Pourquoi je suis contre le projet remboursement des séances de psychothérapie par la sécurité sociale.

A propos du projet de réforme visant le remboursement de séances de psychothérapie chez le psychologue, il me semble dommageable de n’en retenir que l’aberration clinique que constitue le parcours de soins imposé aux patients. Idem quant à la somme dérisoire remboursée aux psychologues pour les séances prescrites. Idem pour le parcours administratif ubuesque tant pour le patient que pour le psychologue qui choisirait de se conventionner (le retour d’une collègue en vidéo). Discuter ces points précis c’est déjà, selon moi, s’embarquer sur un terrain qui ne correspond pas à l’idée que je me fais de ma profession.  

            De quoi est-il question derrière la bonne volonté affichée d’offrir au plus grand nombre des soins psychiques chez le psychologue ?  

            Quoique pas évident à première vue, le premier des intérêts est bien entendu économique. Il s’agit de répondre à moindre frais à la souffrance psychique de la population que la crise du Covid a plus encore mis en lumière. Pour s’en convaincre, nous pouvons poser une question toute simple : Pourquoi ne pas ouvrir de nouveaux Centres Médico Psychologiques  et/ou y embaucher des psychologues ? La réponse ne fait aucun doute ; ça coûte cher ! Le recrutement de 160 psychologues en CMP annoncé par Olivier Veran lors du Ségur de janvier (soit 1,6 par territoire…!!!) est en revanche une opération de communication à bon prix.  

            Le second intérêt de ce dégagement des soins psychiques vers le privé me semble être la marge de manœuvre qu’ouvre pour les pouvoirs publics la possibilité d’ajuster chaque année – en fonction de ce qu’ils estimeront être la demande – les protocoles mis en place. Ajustement du nombre de séances, ajustement des remboursements ou du parcours de soins plutôt que des créations de postes qui imposeraient à l’État un financement fixe sur le long terme.  

            Être favorable au remboursement des séances prescrites en s’inquiétant uniquement de leurs montants équivaut, sur le fond, à accepter pour notre profession un dégagement du public vers le privé que nous avons vu à l’œuvre pour tant d’autres professions. Quoi de plus normal que notre profession soit logée à la même enseigne que les autres, me direz-vous ? Oui, sauf qu’adopter un tel point de vue serait, à mon sens, ne pas entendre ce qui fait la spécificité de notre métier. C’est sur ce point que la réforme fait ressortir plus encore les profondes divisions de notre champ professionnel. Accepter ce projet de protocole est possible évidemment pour ceux qui pensent obtenir un résultat en X séances.  La réforme est acceptable également pour ceux qui s’inscrivent dans une démarche d’évaluation et d’orientation. 

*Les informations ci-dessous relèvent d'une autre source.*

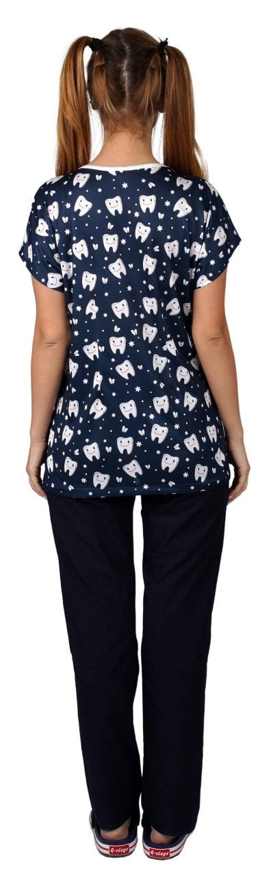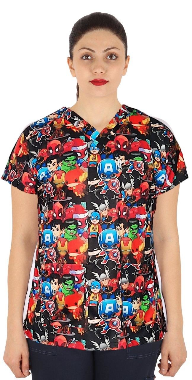Cerrahi desenli kadın tek üst süper kahramanlar desenimizi istediğiniz renk pantolon ile tamamlayabilirsiniz.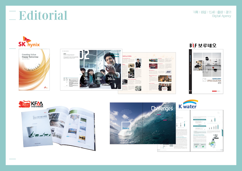 지속가능경영보고서(SR, AR,CSR등), 브로슈어, 카탈로그, 사보, 월간지, 매뉴얼, 포스터, CI & BI, 북디자인, 패키지, 주보디자인에서 인쇄까지…
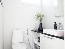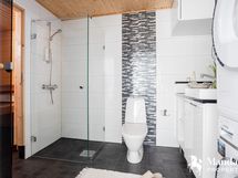 - Pesutilojen varusteet: WC-istuin, suihku, lattialämmitys, suihkuseinä, pesukoneliitäntä, peili, allaskaappi, pesuallas, pesukone ja kuivausrumpu. Erillisten WC:n lukumäärä: 1. Erillisen WC:n varusteet: WC-istuin, peili, lattialämmitys, bidee-suihku, pesuallas ja allaskaappi.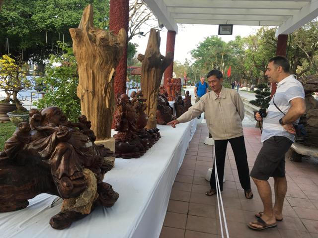 Du khách nước ngoài thích thú ngắm nhìn các loại sinh vật cảnh, điêu khắc gỗ tại Công viên Lý Tự Trọng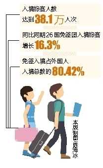 “通過免簽政策來瓊已經成為外國游客的首選方式,超過8成外國人通過該政策來瓊旅游。”海口出入境邊防檢查總站邊檢處負責人劉俊吉告訴海南日報記者,去年5月1日,國家移民管理局出臺59國人員入境旅游免簽政策支持海南自貿區自貿港建設。免簽政策落地實施一年,海口邊檢總站梳理政策實施過程中出現的各類情況,總結法律法規配套制定、邊檢工作面臨的挑戰等問題,提出“優化申報模式、加強免簽政策宣傳、適時擴大免簽國家”等工作建議,該政策實施一年來,吸引外國游客成效顯著,其中免簽入境占外國人入境總數的80.42%。  為確保免簽政策順利實施,海南省公安廳充分發揮海南省外國人服務管理工作領導小組辦公室的作用,從多個方面著手,保障免簽政策順利實施。完善省相關職能部門的協作機制,定期組織召開聯席會議研究解決免簽政策執行中的相關問題,印發工作簡報,形成全省外國人服務管理工作一盤棋格局;簡化通關環節。經報請國家移民管理局同意,免簽外國人免填入出境卡,為免簽外國人通關提供便利;加強全省外管隊伍建設,增加全省外管隊伍力量,加強業務培訓工作,提高外管人員素質;強化信息系統建設,優化升級免簽外國人預申報系統,實現出入境、邊防檢查部門預申報平臺合一,為旅行社申報信息提供便利;做好服務工作,為有需要前往內地的免簽人員辦理簽證證件。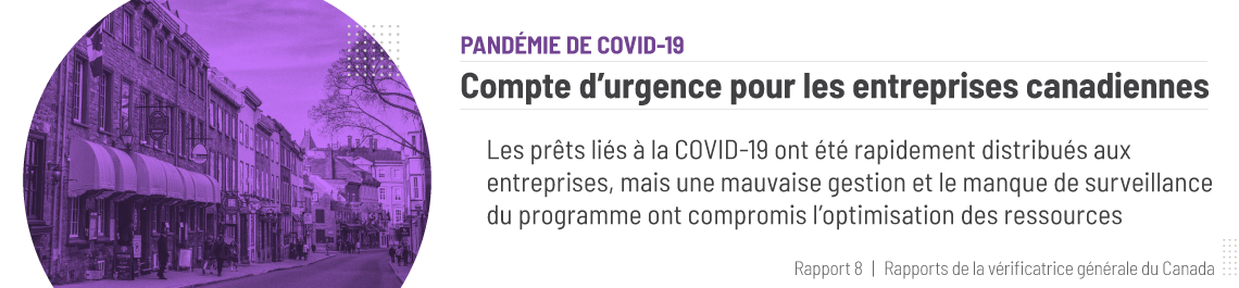 Exportation et développement Canada, en tant que société d’État responsable de l’exécution du programme du Compte d’urgence pour les entreprises canadiennes, a agi rapidement pour accorder aux petites entreprises 49,1 milliards de dollars en prêts afin de couvrir les dépenses qui ne pouvaient pas être reportées pendant la pandémie de COVID‑19. Sur ces prêts, 91 % ont été consentis à des entreprises admissibles. Au 31 mars 2024, environ 83 % du total des prêts accordés à l’origine avaient été remboursés; et une partie de ces prêts avaient fait l’objet d’une remise. D’après nos travaux d’audit, nous avons estimé qu’environ 3,5 milliards de dollars avaient été versés à des bénéficiaires inadmissibles.

            Pour les autres, qui refusent a priori – avant la rencontre clinique – de se dire « capables » de « résultats » ou qui refusent de s’inscrire dans la démarche d’évaluation attendue, une question éthique se pose quant au contrat passé avec les institutions.

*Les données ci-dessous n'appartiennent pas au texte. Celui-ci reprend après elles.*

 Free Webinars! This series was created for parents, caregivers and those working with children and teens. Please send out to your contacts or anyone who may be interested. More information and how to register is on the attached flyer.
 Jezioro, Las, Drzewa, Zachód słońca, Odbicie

            Bien entendu, il est toujours possible d’échanger avec les patients sur le cadre qu’implique le protocole de remboursement. Néanmoins, accepter le protocole serait souscrire à l’idée sous-jacente du projet : Au-delà de ce nombre X de séances, si ça n’a pas donné de « résultats », si le patient ne répond pas « positivement », c’est donc qu’il souffrirait de « quelque chose de grave ». Même si le psychologue ne l’entend pas de cette oreille, c’est ainsi que seront perçus par les autorités sanitaires les « résultats » au bout du protocole. 

Le parcours de soins ubuesque qui ressort de ce projet n’est, selon moi, pas vraiment le sujet. Il n’est que l’illustration de la manière dont les institutions sanitaires considèrent les individus, ceux qui « répondront » aux protocoles de soins et les autres. Accepter ce projet c’est, selon moi, avaliser une certaine considération de la personne. Pour ces raisons, je suis contre le remboursement des séances.